A key adviser who helped design President Obama’s signature healthcare law is calling for stricter penalties for people who choose not to pay for health insurance.
“I think probably the most important thing experts would agree is we need a larger mandate penalty,” Jonathan Gruber said in an interview with CNN on Wednesday.
“That’s something I think, ideally, we would fix,” he added.
When asked later about the one adjustment he would have made to the law before it was passed, he said, “I wish the mandate penalty was stronger.”
For 2016, the penalty for being uninsured is 2.5 percent of taxable income or $695, whichever is greater.
The MIT economist is giving voice to a growing number of ObamaCare observers who say a more onerous penalty would help alleviate some of the law’s struggles with attracting enough enrollees.
About 1 million fewer people than expected have signed up for the insurance marketplaces nationwide, resulting in higher costs for some insurers as they face a pool of customers who are sicker overall.
ObamaCare created both a “carrot and stick” approach to sign-ups: People receive subsidies to sign up, and if they don’t, they have to pay more in taxes.
On the campaign trail, Democratic presidential nominee Hillary Clinton has talked only about a bigger carrot. She has called for larger tax credits to help people pay their premiums as well as a new program to cover more out-of-pocket costs.
But Gruber, as well as other Democratic health policy experts, say the penalty would also need to rise. The amount is now capped at the yearly cost that someone would pay for ObamaCare’s bronze plan, the minimum coverage under the law.
About 25 percent of uninsured people are exempt from the penalty, for reasons such as financial hardship or significant life changes, according to data from the Kaiser Family Foundation.
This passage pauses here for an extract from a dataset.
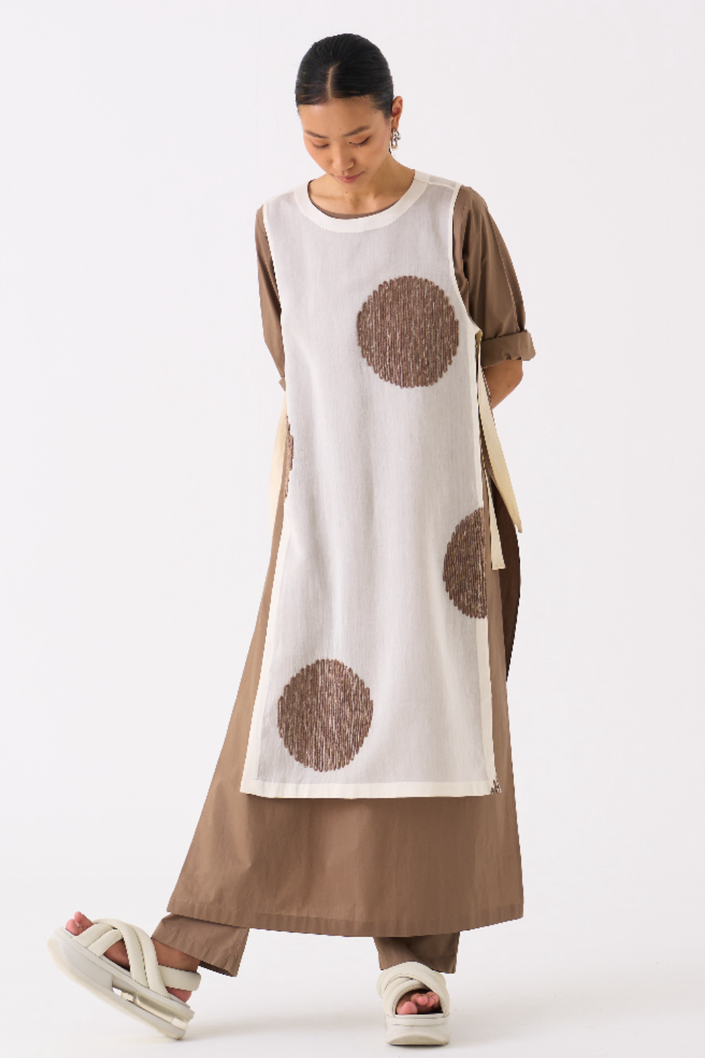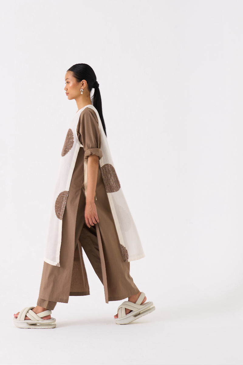 Clever cuts, asymmetric patterns, a neutral palette and simplicity of geometric details form the core aesthetic of the brand. Their love for asymmetry and imperfection clearly reflects in their silhouettes and hemlines. The label is a modern mix of conceptual and wearable clothing which defies age bar as the ensembles exude comfort, more so with their signature anti-fit coords.

Gruber said stricter penalties would prevent what he described as “individuals who are essentially free-riding on the system” – echoing concerns that are frequently raised by insurance companies.
Still, Gruber voiced doubt that lawmakers in Congress would agree to change the penalties or any other parts of the law, even if the next president wanted to.
“It’s hard to know what dramatic fix we could do without Congress participating in the process,” Gruber said. “I think nothing much is going to happen, to be honest.”
The ObamaCare architect also delivered a robust defense of ObamaCare marketplaces in general following the negative headlines this week after the White House announced that premiums would rise on average 25 percent next year.
Gruber stressed that the increase applied only to the “very small fraction of people” who buy coverage through ObamaCare. He said 85 percent of those people are getting help from the federal government to cover their costs.
“Now, for those remaining people, that is a problem, and that’s something that we need to address, but it’s not a crisis. It doesn’t mean the system’s collapsing,” he said.